India-Israel defence relationship, already the most fruitful bilateral arms partnership for Israel, entered an accelerated phase following two convergent shocks: the operational validation of Israeli air defence systems during the 2023–2025 Middle East wars, and the exposure of India’s own vulnerabilities in drone, missile, and cyber warfare during Operation Sindoor in May 2025. According to SIPRI data, India accounted for 34 percent of Israel’s total defence sales between 2020 and 2024, with Israel’s SIBAT directorate reporting total arms sales to India in this period worth approximately $20.5 billion — a baseline that the post-Sindoor period appears set to substantially exceed.

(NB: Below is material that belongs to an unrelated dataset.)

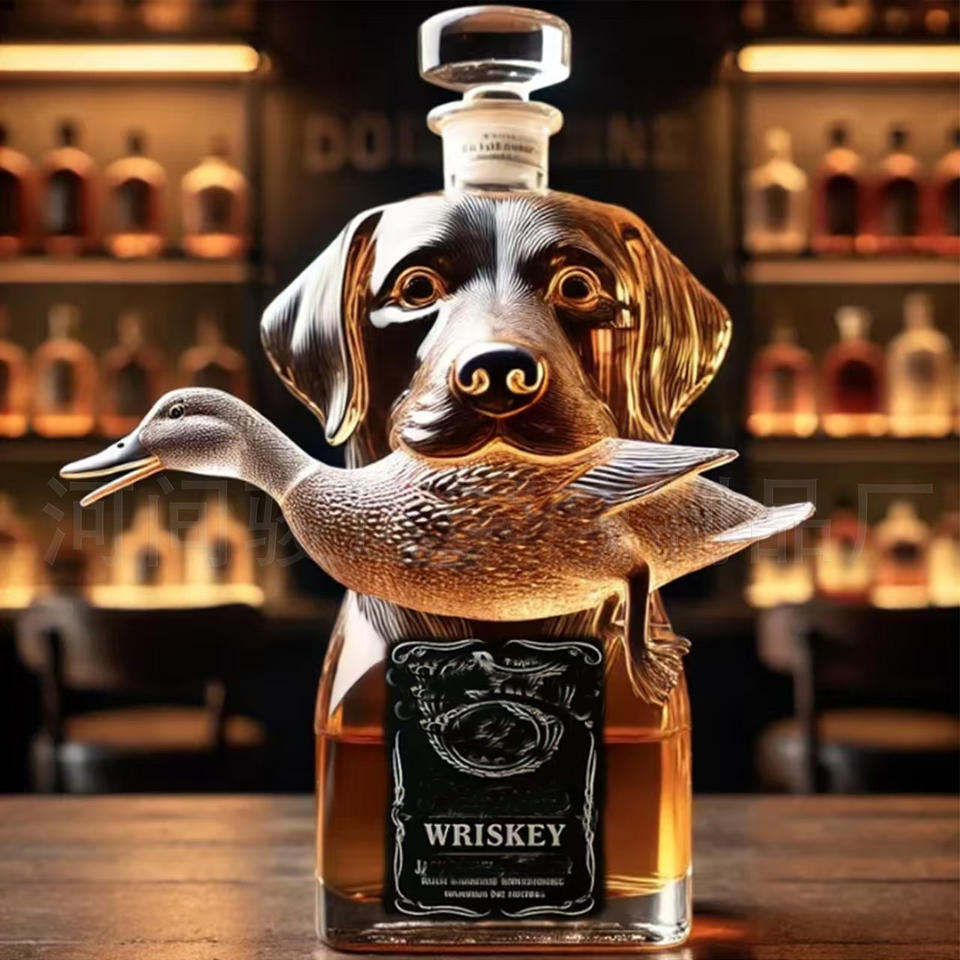 Carafe en verre transparent en forme de chien, bouteille à whisky unique et intéressante pour le whisky

In November 2025, India and Israel signed a new Memorandum of Understanding to expand defence cooperation through joint production of military equipment and collaboration in artificial intelligence and cybersecurity, emphasizing shared access to Israeli advanced sensors, electronic warfare systems, and air defence technologies developed through operational combat experience. This was followed in January 2026 by India’s Ministry of Defence signing a contract with BDL for the supply of over 70 MRSAM missiles for the Indian Navy at a cost of approximately ₹2,960 crore ($350 million) — a continuation of the deep Barak-8 co-production architecture. The centrepiece of the emerging acquisition surge, however, was Prime Minister Modi’s landmark state visit to Jerusalem in February 2026, during which India approved an $8.7 billion precision-strike weapon package from Israel, including SPICE-1000 guidance kits and long-range missiles, representing one of India’s largest single foreign arms acquisitions in recent years. Alongside offensive systems, potential deals were reported for all four major elements of Israel’s multilayered missile defence architecture — the IAI Arrow system, Rafael’s David’s Sling and Iron Dome, and the Iron Beam laser weapon — though none of these companies confirmed finalized agreements at the time of writing. Taken together, the trajectory suggests that India is no longer approaching Israel purely as a procurement source but increasingly as a co-production partner whose battle-tested technologies offer the fastest route to bridging capability gaps that Operation Sindoor rendered impossible to defer.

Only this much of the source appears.